=== Begin Enclosure ===
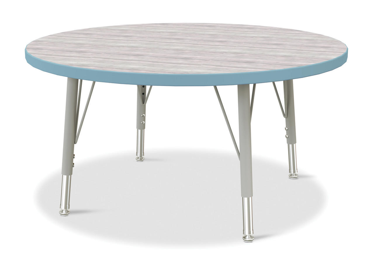 These round tables are excellent for allowing children to interact with each other during projects. Accommodates up to 4 chairs. The legs feature glides that reduce noise, prevent snags, and resist rust. Driftwood Gray tabletop with Coastal Blue TRUEdge and Gray legs.
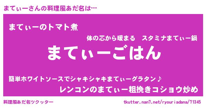 | 可愛いあだ名 | 『まてぷりん』『まてちゅっちゅ』 |
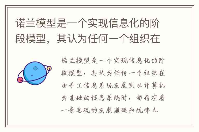 诺兰(Nolan)在 1970 年代提出诺兰阶段模型,认为信息系统发展存在六阶段(后来扩充),包括初始、扩展、控制、集成、数据管理、成熟等,反映了信息系统发展的客观规律。
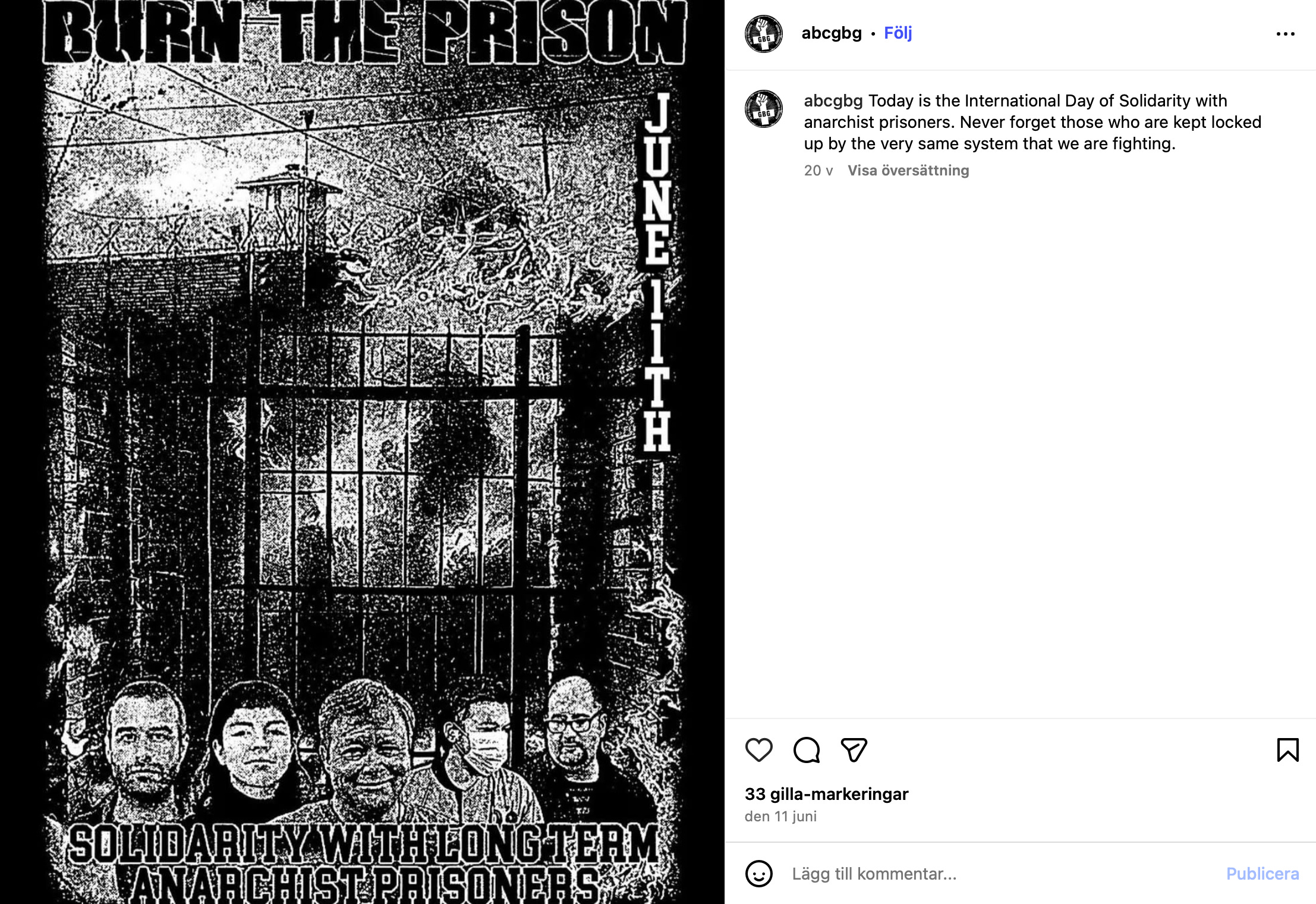 Anarchist Black Cross – finansiellt nätverk för fängslade vänsterextremister
=== End Enclosure ===
• Goal of the exercise
When you copy the listing, keep every line exactly as it is but leave out all images.

• Output for this task
 These round tables are excellent for allowing children to interact with each other during projects. Accommodates up to 4 chairs. The legs feature glides that reduce noise, prevent snags, and resist rust. Driftwood Gray tabletop with Coastal Blue TRUEdge and Gray legs.
 | 可愛いあだ名 | 『まてぷりん』『まてちゅっちゅ』 |
 诺兰(Nolan)在 1970 年代提出诺兰阶段模型,认为信息系统发展存在六阶段(后来扩充),包括初始、扩展、控制、集成、数据管理、成熟等,反映了信息系统发展的客观规律。
 Anarchist Black Cross – finansiellt nätverk för fängslade vänsterextremister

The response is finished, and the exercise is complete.